Return only what lies between the first line of the entries and the line containing "El IES Mar Menor", both lines included.

*SUPPLIED MATERIAL*
------------

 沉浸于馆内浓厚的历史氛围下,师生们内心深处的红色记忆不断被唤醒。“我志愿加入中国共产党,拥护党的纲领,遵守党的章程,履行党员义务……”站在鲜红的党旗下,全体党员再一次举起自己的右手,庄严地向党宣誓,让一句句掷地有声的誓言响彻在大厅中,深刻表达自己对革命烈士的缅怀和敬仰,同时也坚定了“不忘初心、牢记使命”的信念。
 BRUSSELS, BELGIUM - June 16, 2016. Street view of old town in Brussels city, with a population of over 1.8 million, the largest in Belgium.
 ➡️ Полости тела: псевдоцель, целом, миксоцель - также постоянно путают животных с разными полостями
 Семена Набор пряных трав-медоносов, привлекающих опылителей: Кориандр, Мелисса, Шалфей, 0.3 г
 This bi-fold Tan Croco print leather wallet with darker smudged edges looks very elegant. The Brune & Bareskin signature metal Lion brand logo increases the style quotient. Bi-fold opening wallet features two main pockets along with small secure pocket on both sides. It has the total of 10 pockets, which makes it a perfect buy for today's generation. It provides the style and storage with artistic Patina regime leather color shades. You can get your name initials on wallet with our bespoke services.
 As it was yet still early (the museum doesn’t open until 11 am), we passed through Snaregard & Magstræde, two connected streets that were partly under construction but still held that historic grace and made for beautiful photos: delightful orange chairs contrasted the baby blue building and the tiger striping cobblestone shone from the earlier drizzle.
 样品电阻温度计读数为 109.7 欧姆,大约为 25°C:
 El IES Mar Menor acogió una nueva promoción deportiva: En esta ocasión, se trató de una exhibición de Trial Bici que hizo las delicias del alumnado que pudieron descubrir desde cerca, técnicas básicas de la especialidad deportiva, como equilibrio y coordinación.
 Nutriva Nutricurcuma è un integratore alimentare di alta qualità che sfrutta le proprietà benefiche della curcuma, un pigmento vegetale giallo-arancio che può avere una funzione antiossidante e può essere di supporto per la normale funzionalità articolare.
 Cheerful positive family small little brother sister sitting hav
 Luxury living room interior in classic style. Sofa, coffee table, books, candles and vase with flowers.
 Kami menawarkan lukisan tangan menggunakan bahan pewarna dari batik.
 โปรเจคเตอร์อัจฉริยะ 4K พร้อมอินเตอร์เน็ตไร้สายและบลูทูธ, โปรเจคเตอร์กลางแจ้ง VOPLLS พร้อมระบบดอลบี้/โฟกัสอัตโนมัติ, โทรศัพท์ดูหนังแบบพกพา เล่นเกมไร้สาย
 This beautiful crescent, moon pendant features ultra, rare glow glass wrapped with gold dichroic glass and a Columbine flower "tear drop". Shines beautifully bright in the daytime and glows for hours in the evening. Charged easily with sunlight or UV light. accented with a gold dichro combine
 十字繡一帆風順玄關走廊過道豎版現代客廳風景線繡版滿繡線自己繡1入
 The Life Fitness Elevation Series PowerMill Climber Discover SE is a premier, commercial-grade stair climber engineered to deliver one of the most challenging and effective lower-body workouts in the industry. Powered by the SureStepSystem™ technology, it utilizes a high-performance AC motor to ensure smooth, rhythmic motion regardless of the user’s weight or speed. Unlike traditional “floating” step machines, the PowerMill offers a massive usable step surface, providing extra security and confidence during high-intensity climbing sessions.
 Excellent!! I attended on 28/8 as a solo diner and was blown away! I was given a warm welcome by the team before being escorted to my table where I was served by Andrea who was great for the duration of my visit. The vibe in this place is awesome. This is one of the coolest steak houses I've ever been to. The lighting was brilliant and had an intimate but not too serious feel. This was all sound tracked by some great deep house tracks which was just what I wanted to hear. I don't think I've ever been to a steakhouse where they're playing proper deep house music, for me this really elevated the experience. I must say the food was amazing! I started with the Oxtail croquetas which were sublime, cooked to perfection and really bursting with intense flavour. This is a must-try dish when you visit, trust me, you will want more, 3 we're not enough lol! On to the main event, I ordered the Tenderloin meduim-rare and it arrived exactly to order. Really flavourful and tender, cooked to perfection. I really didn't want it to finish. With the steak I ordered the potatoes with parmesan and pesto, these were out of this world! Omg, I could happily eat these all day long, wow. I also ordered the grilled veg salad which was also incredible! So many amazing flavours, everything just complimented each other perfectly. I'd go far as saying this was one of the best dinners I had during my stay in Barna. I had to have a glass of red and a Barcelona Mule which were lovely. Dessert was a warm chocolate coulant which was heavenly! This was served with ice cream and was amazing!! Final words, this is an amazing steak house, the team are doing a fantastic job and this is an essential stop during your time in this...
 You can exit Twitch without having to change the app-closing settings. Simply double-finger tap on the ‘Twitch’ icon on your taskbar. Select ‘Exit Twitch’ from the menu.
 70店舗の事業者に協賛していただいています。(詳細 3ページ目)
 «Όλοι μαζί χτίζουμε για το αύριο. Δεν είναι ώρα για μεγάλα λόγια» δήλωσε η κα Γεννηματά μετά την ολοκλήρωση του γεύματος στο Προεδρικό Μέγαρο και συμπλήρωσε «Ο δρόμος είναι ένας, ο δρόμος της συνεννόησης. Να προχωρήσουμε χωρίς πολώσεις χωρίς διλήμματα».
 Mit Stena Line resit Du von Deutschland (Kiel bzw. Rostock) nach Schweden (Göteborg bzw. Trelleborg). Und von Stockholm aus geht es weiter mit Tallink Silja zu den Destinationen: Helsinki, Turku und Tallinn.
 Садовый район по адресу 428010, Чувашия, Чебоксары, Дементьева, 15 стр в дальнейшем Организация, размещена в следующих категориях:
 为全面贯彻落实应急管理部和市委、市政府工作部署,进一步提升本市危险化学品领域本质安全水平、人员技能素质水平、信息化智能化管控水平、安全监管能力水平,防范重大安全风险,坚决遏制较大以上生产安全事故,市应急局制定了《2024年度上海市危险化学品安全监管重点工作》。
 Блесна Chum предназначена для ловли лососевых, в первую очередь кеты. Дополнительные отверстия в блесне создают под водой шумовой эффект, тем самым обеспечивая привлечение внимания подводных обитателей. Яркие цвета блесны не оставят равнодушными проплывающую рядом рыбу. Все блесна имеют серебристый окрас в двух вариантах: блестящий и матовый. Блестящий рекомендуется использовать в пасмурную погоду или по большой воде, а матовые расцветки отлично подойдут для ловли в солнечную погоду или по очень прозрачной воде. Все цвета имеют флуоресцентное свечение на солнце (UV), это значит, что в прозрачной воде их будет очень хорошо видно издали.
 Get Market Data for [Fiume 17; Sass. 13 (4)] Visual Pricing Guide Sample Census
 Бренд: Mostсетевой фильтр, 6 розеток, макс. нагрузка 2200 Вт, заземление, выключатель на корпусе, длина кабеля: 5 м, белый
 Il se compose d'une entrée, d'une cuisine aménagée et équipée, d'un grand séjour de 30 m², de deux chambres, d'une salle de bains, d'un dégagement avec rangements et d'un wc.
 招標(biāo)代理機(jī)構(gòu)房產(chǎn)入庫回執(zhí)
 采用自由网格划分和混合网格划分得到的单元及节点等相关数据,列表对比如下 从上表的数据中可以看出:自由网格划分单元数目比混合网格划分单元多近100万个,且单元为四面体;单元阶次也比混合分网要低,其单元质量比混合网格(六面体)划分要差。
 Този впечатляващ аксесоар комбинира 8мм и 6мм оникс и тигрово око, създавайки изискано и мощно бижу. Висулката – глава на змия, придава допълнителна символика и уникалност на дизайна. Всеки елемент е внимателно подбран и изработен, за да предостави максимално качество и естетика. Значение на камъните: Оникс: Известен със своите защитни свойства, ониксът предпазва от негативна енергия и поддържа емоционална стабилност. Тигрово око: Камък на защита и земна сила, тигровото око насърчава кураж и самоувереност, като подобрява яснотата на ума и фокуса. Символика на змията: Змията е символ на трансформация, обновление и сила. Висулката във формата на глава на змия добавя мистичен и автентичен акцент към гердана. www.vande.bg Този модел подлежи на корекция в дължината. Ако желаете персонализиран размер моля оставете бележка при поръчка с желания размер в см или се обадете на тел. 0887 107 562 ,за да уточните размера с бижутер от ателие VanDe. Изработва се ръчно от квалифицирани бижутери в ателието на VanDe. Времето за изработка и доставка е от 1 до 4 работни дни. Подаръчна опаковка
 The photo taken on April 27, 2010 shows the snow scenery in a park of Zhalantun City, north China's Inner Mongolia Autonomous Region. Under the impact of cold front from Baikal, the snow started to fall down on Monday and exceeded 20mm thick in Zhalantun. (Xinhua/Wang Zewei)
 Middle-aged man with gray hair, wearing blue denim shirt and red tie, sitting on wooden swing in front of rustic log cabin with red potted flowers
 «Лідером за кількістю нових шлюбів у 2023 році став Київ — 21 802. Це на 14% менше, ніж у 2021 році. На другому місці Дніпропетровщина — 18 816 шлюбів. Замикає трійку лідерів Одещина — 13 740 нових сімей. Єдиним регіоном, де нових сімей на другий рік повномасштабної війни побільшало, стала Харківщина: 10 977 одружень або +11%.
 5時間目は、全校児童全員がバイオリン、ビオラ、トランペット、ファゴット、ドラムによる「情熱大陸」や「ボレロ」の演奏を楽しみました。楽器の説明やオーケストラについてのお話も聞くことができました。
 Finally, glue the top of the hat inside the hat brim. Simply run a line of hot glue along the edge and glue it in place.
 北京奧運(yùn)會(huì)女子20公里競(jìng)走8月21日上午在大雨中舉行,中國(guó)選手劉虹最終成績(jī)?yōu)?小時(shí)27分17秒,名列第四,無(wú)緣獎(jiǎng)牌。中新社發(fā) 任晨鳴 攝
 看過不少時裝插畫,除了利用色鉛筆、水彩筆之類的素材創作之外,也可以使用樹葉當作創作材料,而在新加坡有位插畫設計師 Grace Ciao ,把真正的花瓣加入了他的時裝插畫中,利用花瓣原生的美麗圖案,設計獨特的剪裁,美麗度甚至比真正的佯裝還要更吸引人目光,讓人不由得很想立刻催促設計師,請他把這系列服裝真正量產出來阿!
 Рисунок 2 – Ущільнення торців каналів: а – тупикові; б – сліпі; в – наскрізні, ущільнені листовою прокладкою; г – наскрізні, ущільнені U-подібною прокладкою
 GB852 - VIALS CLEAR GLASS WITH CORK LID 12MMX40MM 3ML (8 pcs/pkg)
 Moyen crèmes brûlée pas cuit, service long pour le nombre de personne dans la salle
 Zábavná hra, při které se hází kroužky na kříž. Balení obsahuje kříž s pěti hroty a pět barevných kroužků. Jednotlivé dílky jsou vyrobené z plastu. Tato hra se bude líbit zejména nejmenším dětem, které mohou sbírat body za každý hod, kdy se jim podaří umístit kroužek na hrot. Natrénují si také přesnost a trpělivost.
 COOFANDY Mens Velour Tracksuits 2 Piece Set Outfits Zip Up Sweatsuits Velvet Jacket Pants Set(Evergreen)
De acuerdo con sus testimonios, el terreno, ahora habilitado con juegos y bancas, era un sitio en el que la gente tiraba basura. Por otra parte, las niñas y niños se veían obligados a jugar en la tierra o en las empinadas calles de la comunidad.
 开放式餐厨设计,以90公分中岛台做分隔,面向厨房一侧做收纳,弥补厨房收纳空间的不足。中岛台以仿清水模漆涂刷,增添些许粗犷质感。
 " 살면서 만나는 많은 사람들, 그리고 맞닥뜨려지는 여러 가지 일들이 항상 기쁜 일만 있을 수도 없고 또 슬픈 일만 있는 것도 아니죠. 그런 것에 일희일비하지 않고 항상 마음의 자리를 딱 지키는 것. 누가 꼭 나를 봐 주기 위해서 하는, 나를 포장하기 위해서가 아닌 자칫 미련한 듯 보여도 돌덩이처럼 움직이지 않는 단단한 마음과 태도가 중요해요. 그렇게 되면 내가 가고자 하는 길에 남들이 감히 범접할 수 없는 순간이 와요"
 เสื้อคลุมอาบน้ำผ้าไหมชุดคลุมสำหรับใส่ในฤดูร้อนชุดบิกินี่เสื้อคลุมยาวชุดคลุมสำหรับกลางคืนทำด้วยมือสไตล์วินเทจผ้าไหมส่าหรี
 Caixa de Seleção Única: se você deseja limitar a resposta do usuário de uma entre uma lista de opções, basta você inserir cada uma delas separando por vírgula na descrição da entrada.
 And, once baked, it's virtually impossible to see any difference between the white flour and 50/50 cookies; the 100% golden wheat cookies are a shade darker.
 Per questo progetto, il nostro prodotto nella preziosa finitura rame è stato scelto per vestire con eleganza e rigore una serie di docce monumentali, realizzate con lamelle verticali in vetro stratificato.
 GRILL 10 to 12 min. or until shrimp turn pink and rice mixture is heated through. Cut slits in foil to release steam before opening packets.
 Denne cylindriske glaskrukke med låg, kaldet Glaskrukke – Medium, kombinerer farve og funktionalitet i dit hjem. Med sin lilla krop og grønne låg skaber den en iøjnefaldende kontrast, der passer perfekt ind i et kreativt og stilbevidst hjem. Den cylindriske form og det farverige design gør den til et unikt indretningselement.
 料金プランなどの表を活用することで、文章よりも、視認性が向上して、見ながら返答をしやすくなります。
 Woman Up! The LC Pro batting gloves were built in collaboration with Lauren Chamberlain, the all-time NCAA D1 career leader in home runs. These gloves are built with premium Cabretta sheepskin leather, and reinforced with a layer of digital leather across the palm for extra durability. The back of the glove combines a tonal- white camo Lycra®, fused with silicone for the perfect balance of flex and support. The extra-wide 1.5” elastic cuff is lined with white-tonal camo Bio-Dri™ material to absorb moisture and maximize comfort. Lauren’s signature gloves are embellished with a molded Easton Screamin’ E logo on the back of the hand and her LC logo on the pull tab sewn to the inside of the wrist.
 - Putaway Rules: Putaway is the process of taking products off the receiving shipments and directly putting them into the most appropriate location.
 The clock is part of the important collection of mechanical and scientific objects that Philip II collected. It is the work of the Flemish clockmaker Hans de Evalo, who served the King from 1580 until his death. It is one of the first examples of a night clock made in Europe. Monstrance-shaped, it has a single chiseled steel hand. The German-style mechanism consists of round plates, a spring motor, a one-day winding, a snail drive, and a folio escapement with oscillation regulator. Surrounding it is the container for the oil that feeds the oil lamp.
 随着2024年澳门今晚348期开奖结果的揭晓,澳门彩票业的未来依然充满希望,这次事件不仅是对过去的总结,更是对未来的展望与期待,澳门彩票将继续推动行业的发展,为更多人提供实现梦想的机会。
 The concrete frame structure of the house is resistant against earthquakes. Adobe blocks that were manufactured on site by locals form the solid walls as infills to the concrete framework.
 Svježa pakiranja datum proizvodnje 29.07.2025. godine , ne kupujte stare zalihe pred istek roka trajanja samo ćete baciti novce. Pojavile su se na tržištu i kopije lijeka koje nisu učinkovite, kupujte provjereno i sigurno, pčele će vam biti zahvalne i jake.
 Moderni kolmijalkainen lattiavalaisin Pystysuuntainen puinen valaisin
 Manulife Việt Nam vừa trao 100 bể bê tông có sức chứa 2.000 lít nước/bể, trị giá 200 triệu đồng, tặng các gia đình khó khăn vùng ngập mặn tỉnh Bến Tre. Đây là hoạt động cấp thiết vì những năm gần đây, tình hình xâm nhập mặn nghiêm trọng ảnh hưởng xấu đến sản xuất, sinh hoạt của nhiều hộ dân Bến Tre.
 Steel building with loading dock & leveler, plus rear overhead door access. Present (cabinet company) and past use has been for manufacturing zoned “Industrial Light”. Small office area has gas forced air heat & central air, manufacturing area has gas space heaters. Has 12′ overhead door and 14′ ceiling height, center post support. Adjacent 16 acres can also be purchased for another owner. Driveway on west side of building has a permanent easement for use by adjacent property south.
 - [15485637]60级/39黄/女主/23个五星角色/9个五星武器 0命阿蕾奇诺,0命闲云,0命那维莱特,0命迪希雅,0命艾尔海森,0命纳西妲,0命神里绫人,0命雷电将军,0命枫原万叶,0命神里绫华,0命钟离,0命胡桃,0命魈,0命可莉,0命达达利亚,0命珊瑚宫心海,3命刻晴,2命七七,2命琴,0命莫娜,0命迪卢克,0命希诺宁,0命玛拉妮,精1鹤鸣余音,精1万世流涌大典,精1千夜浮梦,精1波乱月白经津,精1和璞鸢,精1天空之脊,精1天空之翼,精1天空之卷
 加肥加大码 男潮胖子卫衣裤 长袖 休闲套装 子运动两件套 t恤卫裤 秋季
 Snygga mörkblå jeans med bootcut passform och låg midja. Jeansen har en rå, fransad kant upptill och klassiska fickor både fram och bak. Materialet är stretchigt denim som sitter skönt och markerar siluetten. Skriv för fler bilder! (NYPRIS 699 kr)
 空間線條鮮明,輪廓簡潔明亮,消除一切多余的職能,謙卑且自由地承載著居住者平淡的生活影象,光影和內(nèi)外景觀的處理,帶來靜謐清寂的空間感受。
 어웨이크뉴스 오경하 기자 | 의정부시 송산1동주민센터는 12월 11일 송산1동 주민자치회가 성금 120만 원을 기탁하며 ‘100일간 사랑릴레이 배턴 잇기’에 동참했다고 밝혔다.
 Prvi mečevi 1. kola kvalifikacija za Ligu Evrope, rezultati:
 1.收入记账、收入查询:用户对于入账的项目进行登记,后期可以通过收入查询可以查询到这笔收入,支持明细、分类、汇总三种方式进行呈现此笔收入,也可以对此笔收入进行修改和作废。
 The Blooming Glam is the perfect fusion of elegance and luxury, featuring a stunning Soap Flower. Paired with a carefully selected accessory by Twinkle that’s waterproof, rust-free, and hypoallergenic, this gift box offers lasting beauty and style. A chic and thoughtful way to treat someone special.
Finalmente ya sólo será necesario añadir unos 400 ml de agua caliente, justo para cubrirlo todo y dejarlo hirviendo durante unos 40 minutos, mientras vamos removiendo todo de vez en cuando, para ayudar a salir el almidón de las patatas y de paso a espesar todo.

------------

*WORKED SOLUTION*
 沉浸于馆内浓厚的历史氛围下,师生们内心深处的红色记忆不断被唤醒。“我志愿加入中国共产党,拥护党的纲领,遵守党的章程,履行党员义务……”站在鲜红的党旗下,全体党员再一次举起自己的右手,庄严地向党宣誓,让一句句掷地有声的誓言响彻在大厅中,深刻表达自己对革命烈士的缅怀和敬仰,同时也坚定了“不忘初心、牢记使命”的信念。
 BRUSSELS, BELGIUM - June 16, 2016. Street view of old town in Brussels city, with a population of over 1.8 million, the largest in Belgium.
 ➡️ Полости тела: псевдоцель, целом, миксоцель - также постоянно путают животных с разными полостями
 Семена Набор пряных трав-медоносов, привлекающих опылителей: Кориандр, Мелисса, Шалфей, 0.3 г
 This bi-fold Tan Croco print leather wallet with darker smudged edges looks very elegant. The Brune & Bareskin signature metal Lion brand logo increases the style quotient. Bi-fold opening wallet features two main pockets along with small secure pocket on both sides. It has the total of 10 pockets, which makes it a perfect buy for today's generation. It provides the style and storage with artistic Patina regime leather color shades. You can get your name initials on wallet with our bespoke services.
 As it was yet still early (the museum doesn’t open until 11 am), we passed through Snaregard & Magstræde, two connected streets that were partly under construction but still held that historic grace and made for beautiful photos: delightful orange chairs contrasted the baby blue building and the tiger striping cobblestone shone from the earlier drizzle.
 样品电阻温度计读数为 109.7 欧姆,大约为 25°C:
 El IES Mar Menor acogió una nueva promoción deportiva: En esta ocasión, se trató de una exhibición de Trial Bici que hizo las delicias del alumnado que pudieron descubrir desde cerca, técnicas básicas de la especialidad deportiva, como equilibrio y coordinación.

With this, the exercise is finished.